Stating that the responsibility for enforcing the rules of Paralympic classification should now be taken away from the organisation he led for 15 years, Gonzalez notes "we had what is called cheating in classification.
"Trying to do things with classification to win an advantage is not a thing that the Paralympic movement can tolerate."
In an IPC document, other high-ranking officials detailed their concerns.
The officials, from around the world, described how "intentional misrepresentation" of disabilities had infected Paralympic sport.
One concluded that, "the system does not work", another said there were "no repercussions for those who cheat".
Gonzalez said cases of athletes cheating during classification posed a clear threat to the Paralympic brand and a lack of resources made it difficult to address the problem, adding "if somebody wants to do it, I'm sure that they can do it."
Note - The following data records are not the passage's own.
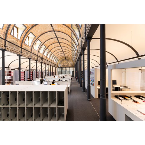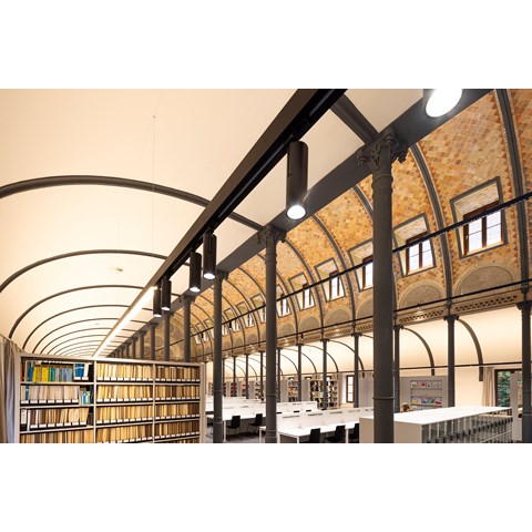 Im Mittelschiff bietet über die gesamte Raumlänge das Linearsystem FX45-P ein elegantes und zeitloses Design, das sich bestens in die historischen Räumlichkeiten einfügt. Die Pendelleuchten sorgen mit schwarzen Rasterblenden nicht nur für eine erhebliche Entblendung und angenehmes direktes Arbeitslicht, sondern illuminieren gleichzeitig mit indirektem Licht die Backsteindecke des Lesesaals. Sie unterstreichen so die fantastische Wirkung des in einer Mischung aus Rundbogenstil und englischer Gotik errichteten Saales und seiner Obergaden-Fenster.
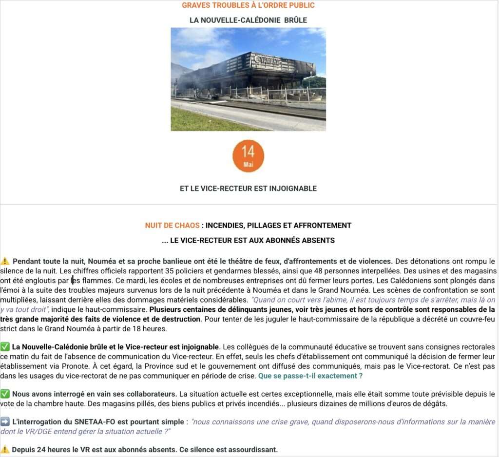 ✅ Alors que l’agglomération du Grand-Nouméa brûlait, le Vice-recteur restait injoignable. Les membres de la communauté éducative se sont retrouvés sans consignes officielles du Vice-rectorat. Isolés, les chefs d’établissement ont communiqué la fermeture de leurs écoles via Pronote. La Province Sud et le gouvernement ont diffusé des communiqués, mais le Vice-rectorat resta particulièrement silencieux à cette occasion.
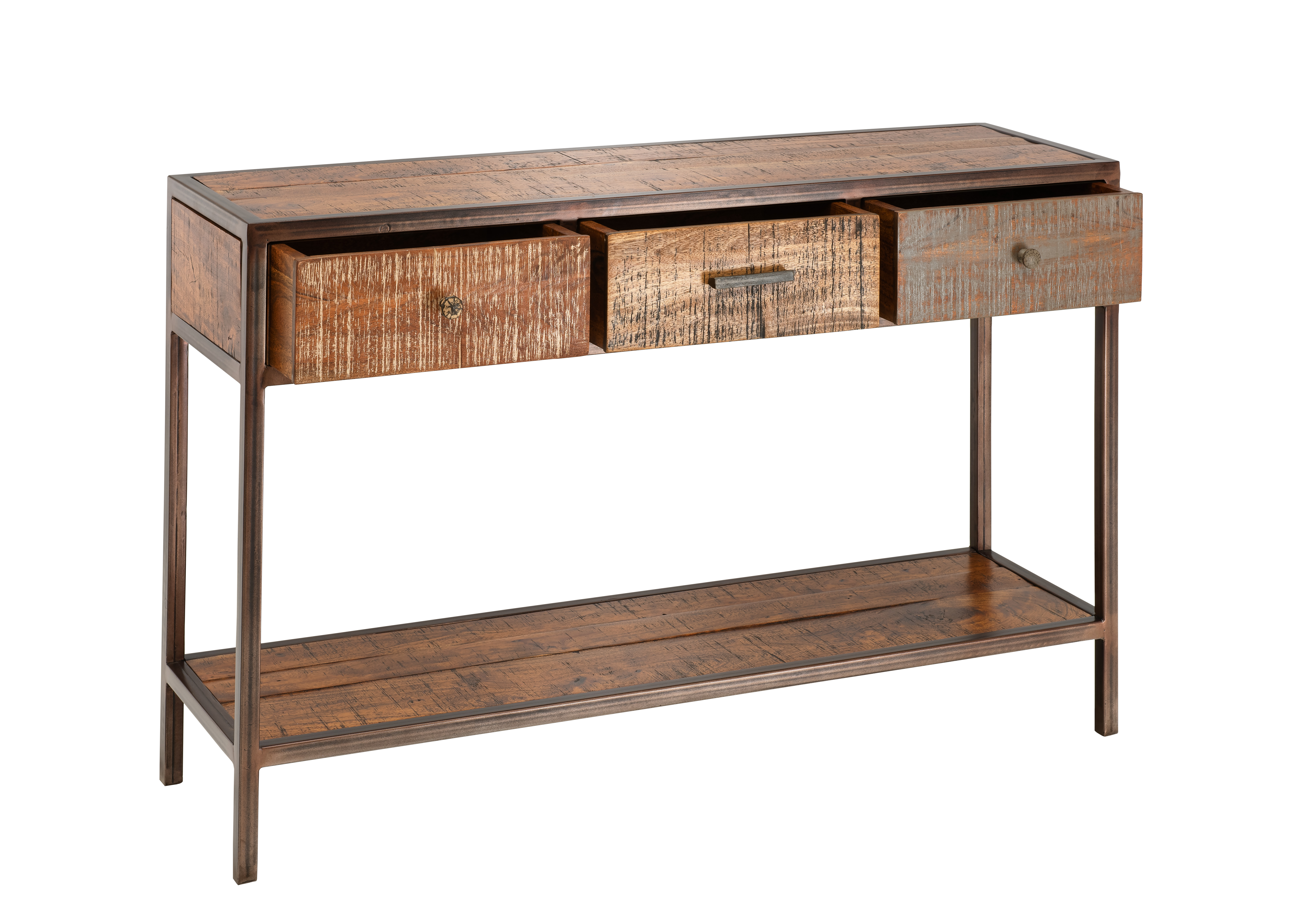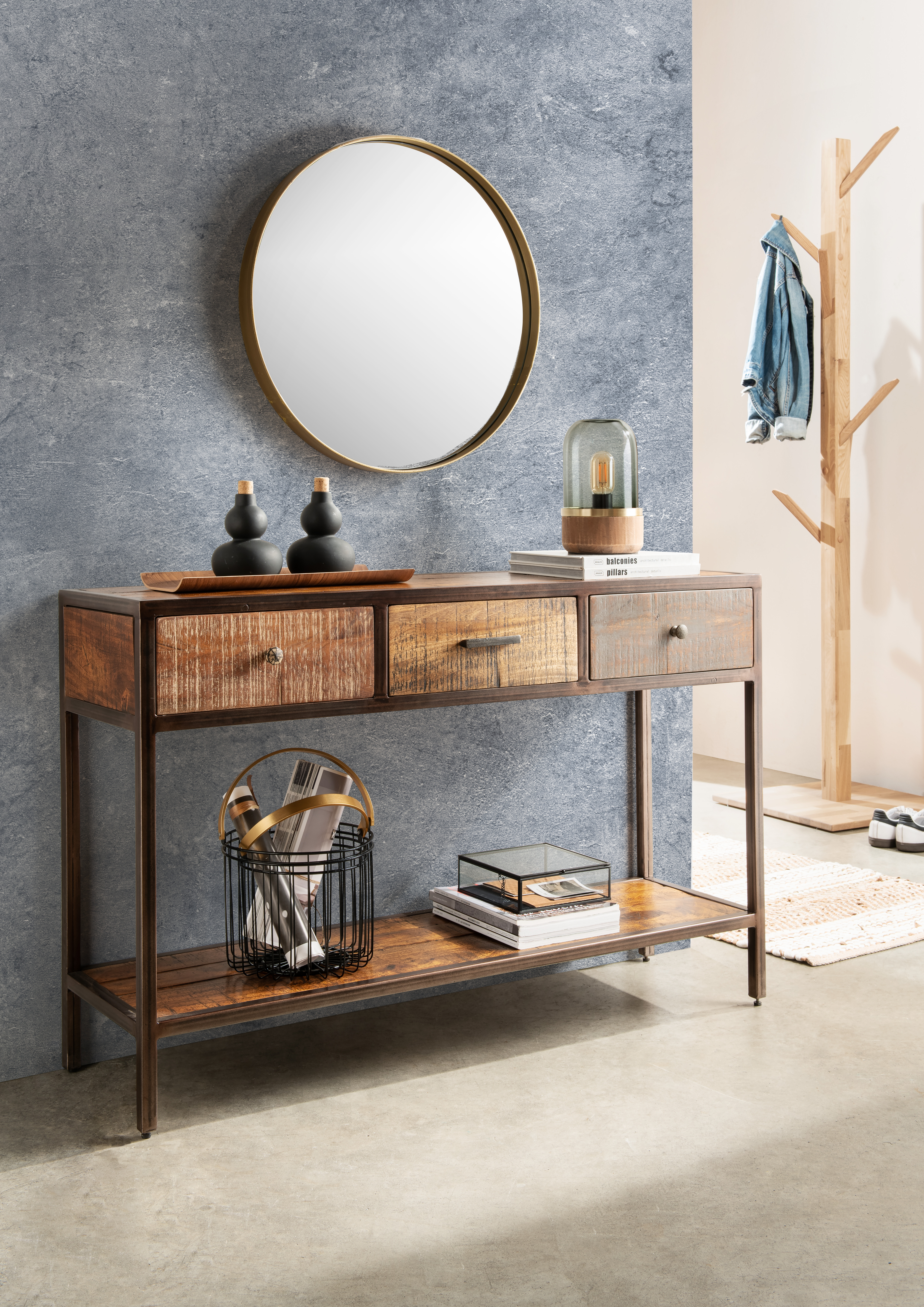 Massives recyceltes Altholz (Indien) mit Metallrahmen (vintage behandelt)

The Four Corners report cites Stuart Jones, who represented Australia in cycling at the 2021 Tokyo Paralympic Games and world championship events in the trike class.
Having sustained an incomplete spinal cord injury in 2014 and being told he may never walk again, Jones was eventually back on a two-wheeled bike, racing competitively with local cycling clubs.
However, in para-cycling, the three-wheeled trike division - reserved for athletes who can't ride a two-wheeled bike because of "a lack of balance and/or severe restrictions in pedalling" - he won the para-cycling road nationals in the trike division in May 2017.
For more than a year, Jones competed in both two and three-wheel events interchangeably. This included racing hundreds of kilometres on his two-wheel bike across at least seven events.
National cycling body, AusCycling said it was not aware that Jones had raced on a two-wheeled bike in the years after his accident.
The report also references Australian gold medallist Amanda Fowler, a controversial figure in Paralympic sport whose career has been intensely scrutinised after she switched sports and classifications several times.
She was investigated by the IPC in 2016 over allegations of intentional misrepresentation.
However, it did not find conclusive evidence to substantiate the claims.
Fowler began her decorated sporting career as a non-disabled speed skater.
As a child, she won national titles. Then, in her early teens, she moved to para-sport.
Fowler represented Australia's national Paralympic squad, as an intellectually impaired swimmer in 2011.
Later she was competing in athletics, in a class for people with vision impairments but, by 2016, Fowler had changed her name to Amanda Reid. No longer used a white cane, and was classed as a physically impaired swimmer with cerebral palsy.
At the Tokyo Games, Reid had changed sport again, winning a Gold medal as a physically impaired cyclist with cerebral palsy.
One of the IPC's most-experienced classifiers, who headed the Paralympics' cerebral palsy sports advisory group, told Four Corners he had classified thousands of cerebral palsy athletes, and had never seen a case like Reid's in his career.
Professor Ken Richter - who also specialises in rehabilitation medicine - and who watched footage of Reid's presentations throughout the years, commented "cerebral palsy is a stable motor disease originating in the brain that occurs around birth, and it's non-progressive. It doesn't go in and out, in and out.
Four Corners was not able to speak to Amanda Reid, nor confirm if she fully understood the rules of classification and, without seeing her medical records, cannot confirm exactly what her impairments are.
Paralympics Australia said in a statement that it never condoned cheating and had no knowledge of misconduct related to classification.